Sekretaris Daerah Provinsi Riau, Syahrial Abdi, menyebutkan program tersebut difokuskan pada penguatan sektor hulu pertanian, didukung benih unggul, pupuk bersubsidi, serta pemanfaatan alat dan mesin pertanian modern.
Sebagai ujung tombak di lapangan, Pemprov Riau telah membentuk 111 Brigade Pangan yang melibatkan 1.665 petani milenial.

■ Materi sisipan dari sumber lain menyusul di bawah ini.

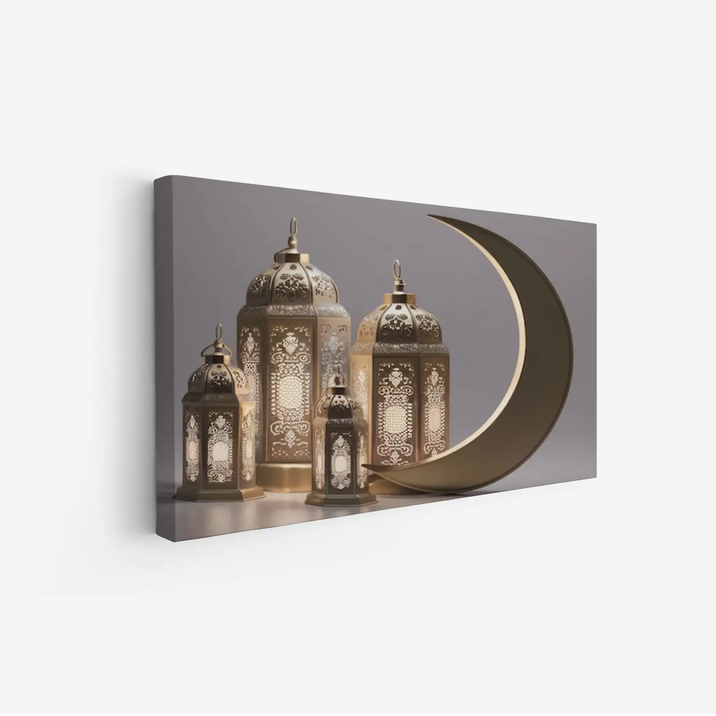 لوحة كانفاس رمضانية بتصميم روحاني أنيق تضيف أجواء رمضان للمنزل. جودة طباعة عالية وألوان ثابتة تناسب الصالة والمجلس وغرفة الطعام — خيار جميل للديكور أو كهدية رمضانية.
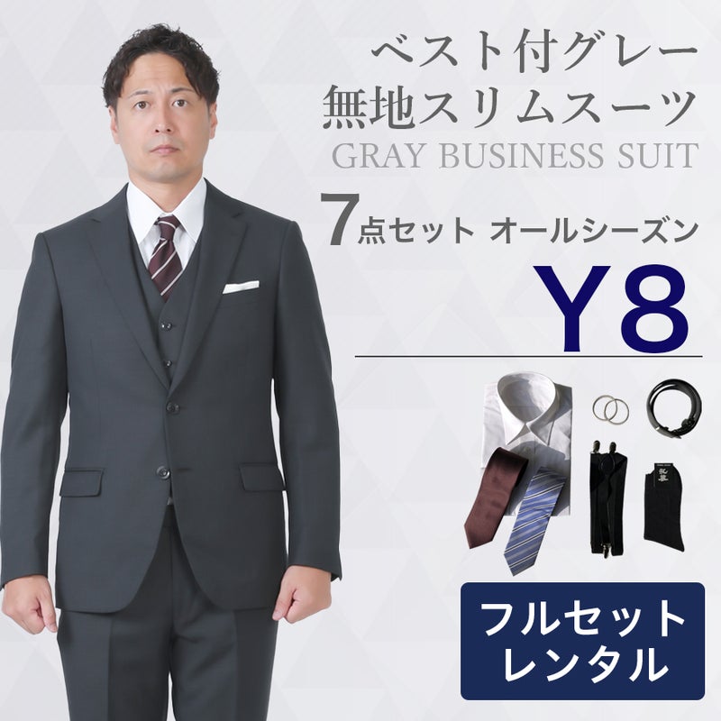 6. 【Y8サイズ】メンズ ベスト付グレー無地スリムスーツ7点セット 秋冬用レンタルスーツ
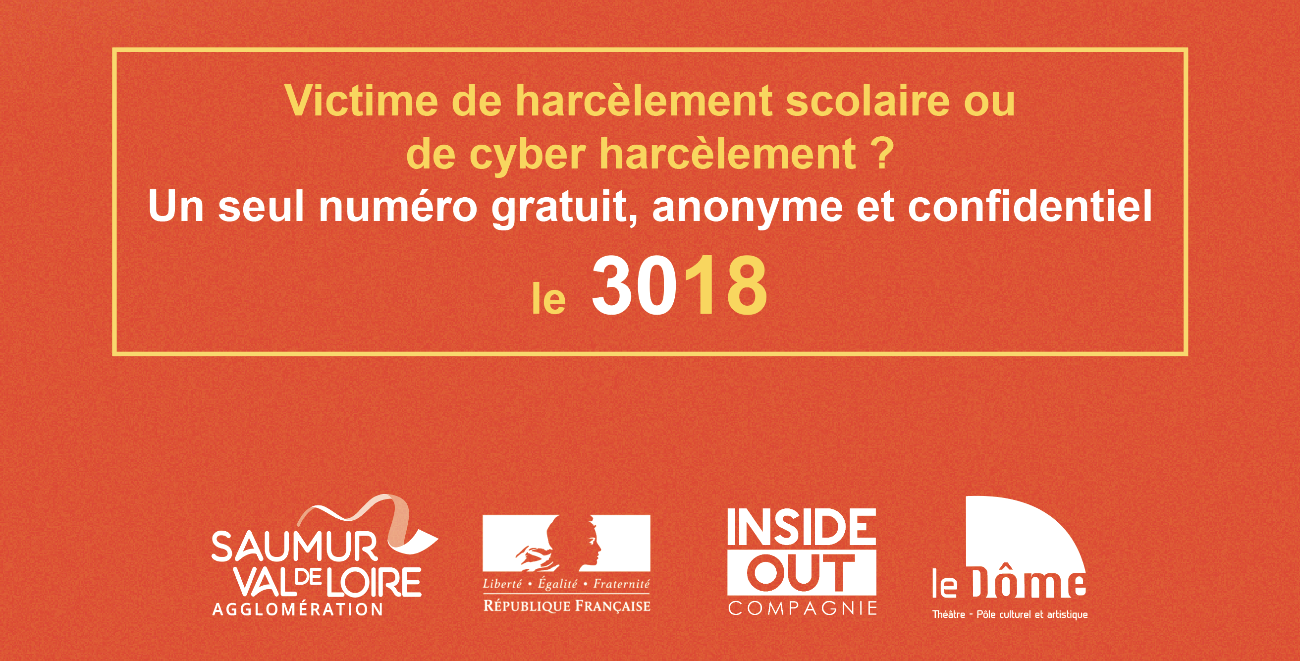 Dans le cadre de ses actions en faveur de la prévention de la délinquance et de son opération « STOP au harcèlement scolaire », la Communauté d’Agglomération Saumur Val de Loire organise un spectacle et une conférence sur le harcèlement scolaire le samedi 30 novembre 2024 à 15h au Théâtre Le Dôme à Saumur.

“Pemprov Riau telah membentuk 111 Brigade Pangan dengan total 1.665 petani milenial. Ini bentuk dukungan konkret kami dalam mendorong swasembada pangan nasional,” kata Syahrial, Senin (9/2/2026).
Menurutnya, program ini tidak sekadar mengejar angka produksi, tetapi juga menjadi strategi regenerasi petani dan transformasi pertanian tradisional menuju modern.
Dari sisi kebijakan, Pemprov Riau bersama kabupaten dan kota memperkuat langkah melalui Instruksi Gubernur Riau tentang peningkatan produksi padi dan jagung, yang dijalankan lewat Gerakan Daerah Percepatan Peningkatan Luas Tambah Tanam (LTT).
Gerakan ini melibatkan berbagai unsur, termasuk sinergi dengan TNI, Polri, serta pemangku kepentingan lainnya.
“Alhamdulillah, upaya ini mulai menunjukkan hasil. Luas tanam meningkat, indeks pertanaman naik, produksi dan luas panen bertambah. Yang paling penting, pendapatan petani ikut meningkat dan lahan sawah kembali produktif,” ungkapnya.
Data Pemprov Riau menunjukkan, produksi padi tahun 2025 meningkat 4,51 persen. Dalam dua tahun terakhir (2023–2025), produksi padi tumbuh 12,7 persen, dari 205.973 ton menjadi 232.071 ton.
Jika dikonversikan ke beras konsumsi, produksi beras Riau pada 2025 mencapai 133,19 ribu ton, juga tumbuh 4,51 persen. Capaian ini dinilai memperkuat ketahanan pangan daerah dan menekan ketergantungan pasokan dari luar.
Namun demikian, Syahrial mengakui capaian tersebut belum cukup. Saat ini, Riau baru mampu memenuhi sekitar 27 persen kebutuhan konsumsi beras masyarakat.
Dengan jumlah penduduk sekitar 6,7 juta jiwa, kebutuhan beras Provinsi Riau diperkirakan mencapai 436 ribu ton per tahun.
“Artinya, sampai sekarang kita masih membutuhkan pasokan beras dari luar daerah,” tegasnya.
Untuk mengejar ketertinggalan itu, Pemprov Riau berharap dukungan lebih kuat dari Kementerian Pertanian, baik dalam bentuk kebijakan, pendampingan teknis, maupun penguatan sarana dan prasarana pertanian.
“Kami mengharapkan dukungan penuh Kementerian Pertanian agar peningkatan produksi pangan lokal di Riau dapat berjalan optimal dan berkelanjutan,” ujarnya.
Syahrial menegaskan, sinergi antara pemerintah pusat, daerah, dan seluruh pemangku kepentingan menjadi kunci keberhasilan swasembada pangan nasional.
“Atas dukungan dan perhatian Kementerian Pertanian RI, kami sampaikan apresiasi setinggi-tingginya. Semoga kolaborasi ini terus diperkuat demi ketahanan pangan dan swasembada pangan nasional,” pungkasnya.